Out of the material that follows, write out exactly the lines from the line with "Vendesi N° 4" to the line with "Шесть районов Волгограда", both ends included, and no others.

[Given entries]:
-.-.-

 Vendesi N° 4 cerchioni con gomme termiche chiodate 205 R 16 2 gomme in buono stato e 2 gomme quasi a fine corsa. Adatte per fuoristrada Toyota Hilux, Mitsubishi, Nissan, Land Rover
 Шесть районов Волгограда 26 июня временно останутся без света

-.-.-

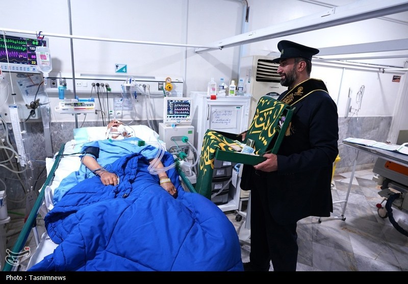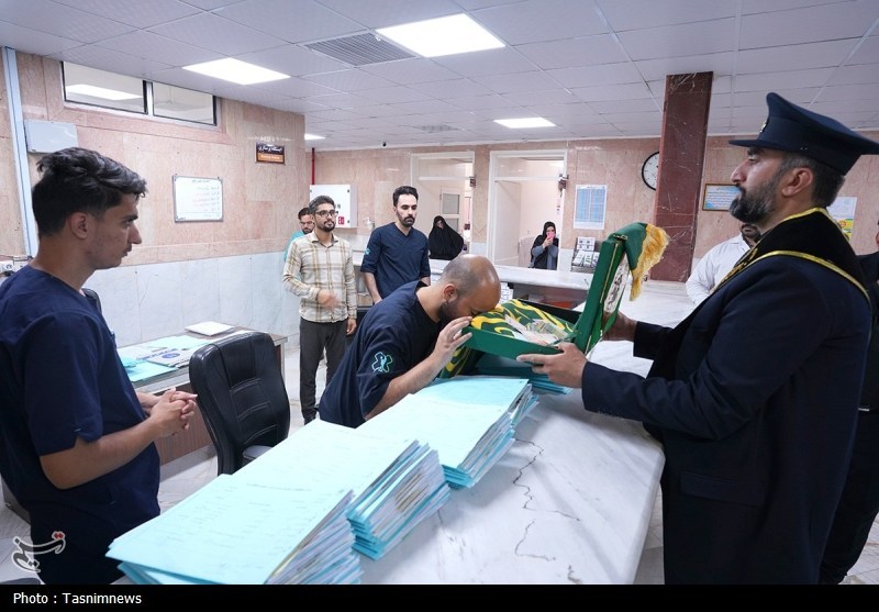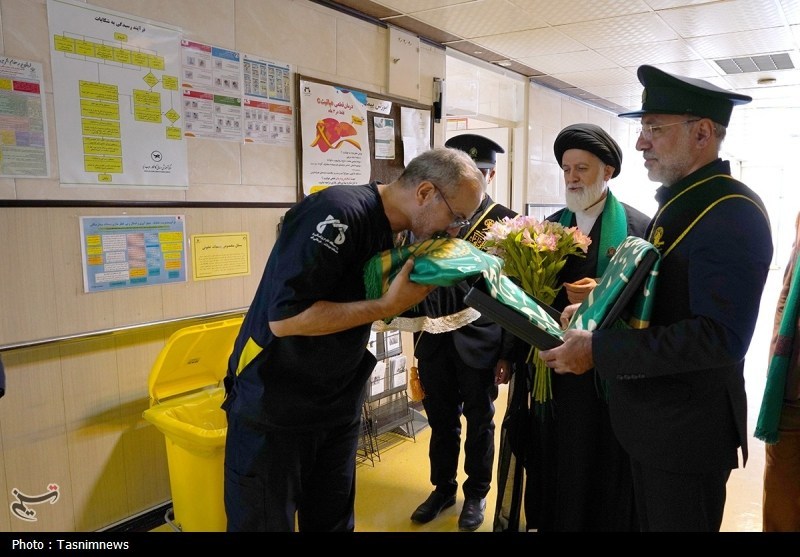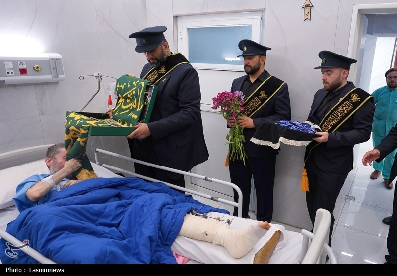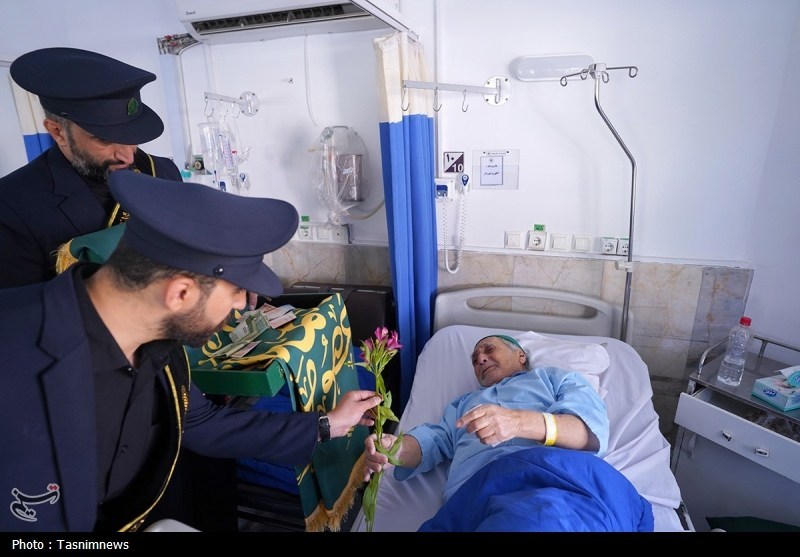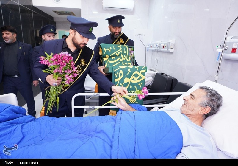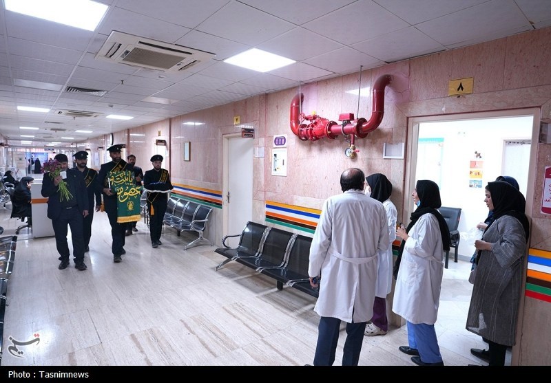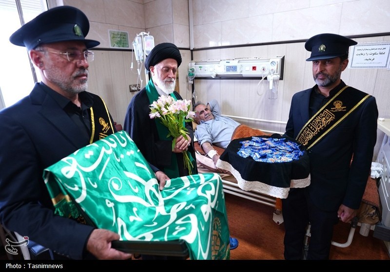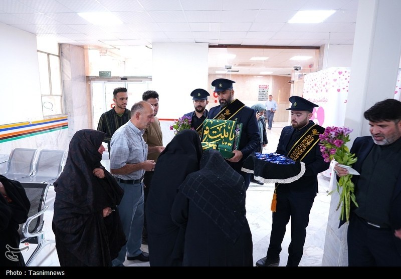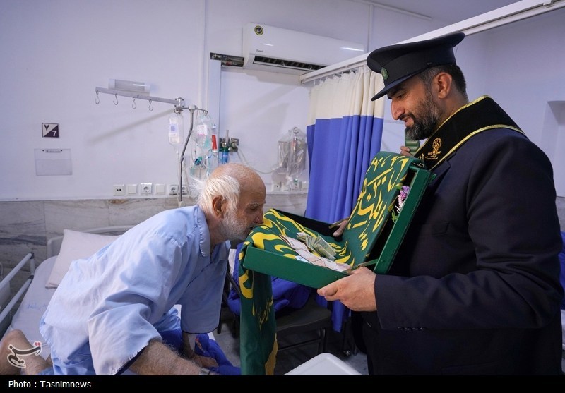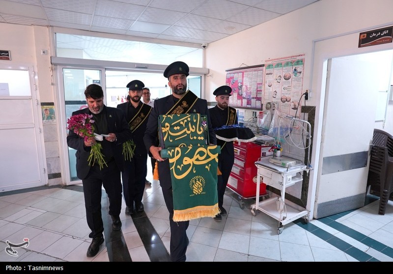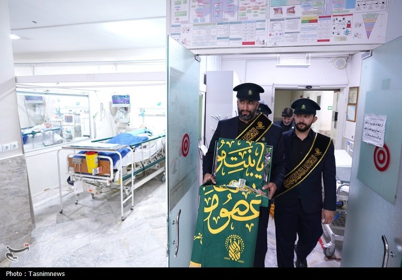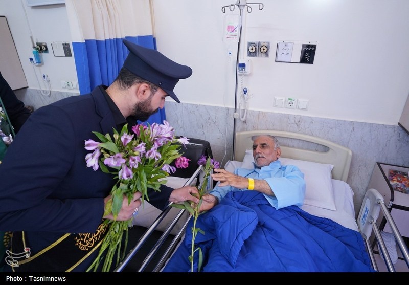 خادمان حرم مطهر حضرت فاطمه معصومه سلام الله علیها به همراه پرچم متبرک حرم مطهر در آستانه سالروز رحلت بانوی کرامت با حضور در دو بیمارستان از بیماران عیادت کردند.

-.-.-

[Solution to this exercise]:
 Vendesi N° 4 cerchioni con gomme termiche chiodate 205 R 16 2 gomme in buono stato e 2 gomme quasi a fine corsa. Adatte per fuoristrada Toyota Hilux, Mitsubishi, Nissan, Land Rover
 Шесть районов Волгограда 26 июня временно останутся без света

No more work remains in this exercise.